Nice and crisp there.


----------



## K9Kirk (Apr 18, 2022)

Jeff15 said:


> Nice shot.....





Space Face said:


> Nice and crisp there.


Thanks, fellers!


----------



## Warhorse (Apr 18, 2022)

Wonderful shot!

Those 150-600mm zooms sure are versatile...I want one!


----------



## K9Kirk (Apr 18, 2022)

Warhorse said:


> Wonderful shot!
> 
> Those 150-600mm zooms sure are versatile...I want one!


Thank you. You would like one.


----------



## jeffashman (Apr 20, 2022)

Nice shot! Nice that you caught one at rest.


----------



## Donde (May 15, 2022)

Nice and sharp.

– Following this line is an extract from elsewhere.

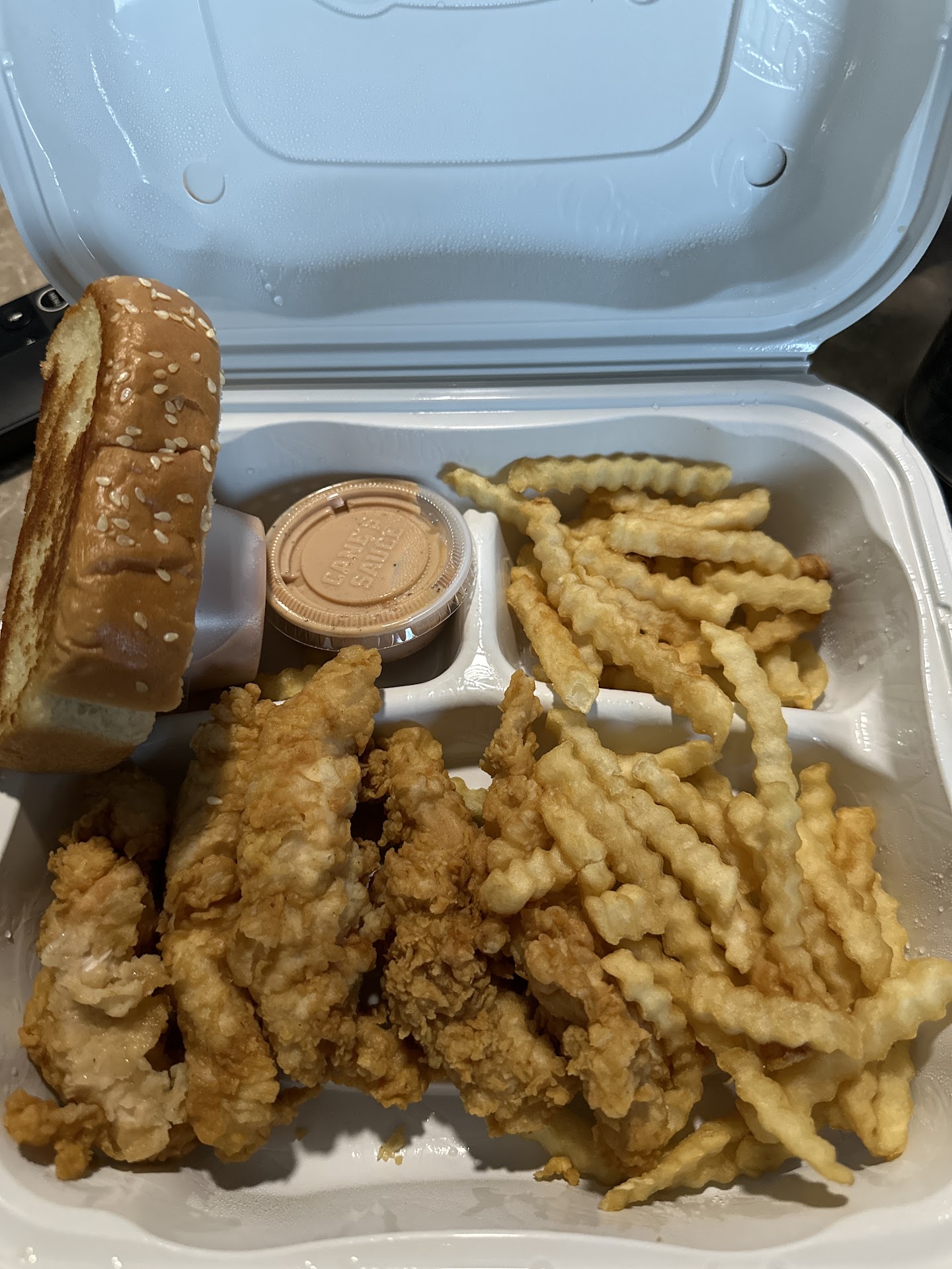 Ā Ā Ā Read moreI believe the price point for the chicken for the chicken is too high, I'm sorry the price point for chicken strips is too high there is no chicken legs chicken wings chicken breast these are all chicken strips. The only had two sauces to go with these chicken strips and as I explain the price point it was not made for a family of four or more due to the fact that the chicken was in my opinion very expensive. The military discount wasn't enough for making me want to go back to it. It is definitely out of my league of what I would pay for for chicken. The service was great the food came out fast it was hot. We couldn't afford the french fries so we just got chicken and nothing else to drink couldn't afford that that was expensive we just wanted to try it for the first time and I do say the chicken was delicious it was juicy but in my opinion it was just not a price point worth going back to Not when I'm trying to feed two adults only but a...

I find myself backing up a lot when walking with my 400mm.


----------



## greybeard (May 16, 2022)

My favorite insect and I've had no luck photographing them.  99% of the shots I see in macro forums are close ups and not really macro so, no harm no foul.


----------



## K9Kirk (May 23, 2022)

jeffashman said:


> Nice shot! Nice that you caught one at rest.


Sorry, that I took so long. I somehow overlooked responses for this. (getting old I guess) 



Donde said:


> Nice and sharp. I find myself backing up a lot when walking with my 400mm.


thank you! I do that a lot, too. 8 feet is the minimal focus distance with mine. It kind of sucks but I need the exercise, lol!


----------



## K9Kirk (May 23, 2022)

greybeard said:


> My favorite insect and I've had no luck photographing them.  99% of the shots I see in macro forums are close ups and not really macro so, no harm no foul.


Thank you, Greybeard, mine too!


----------



## Photo Lady (May 28, 2022)

beauty!!


----------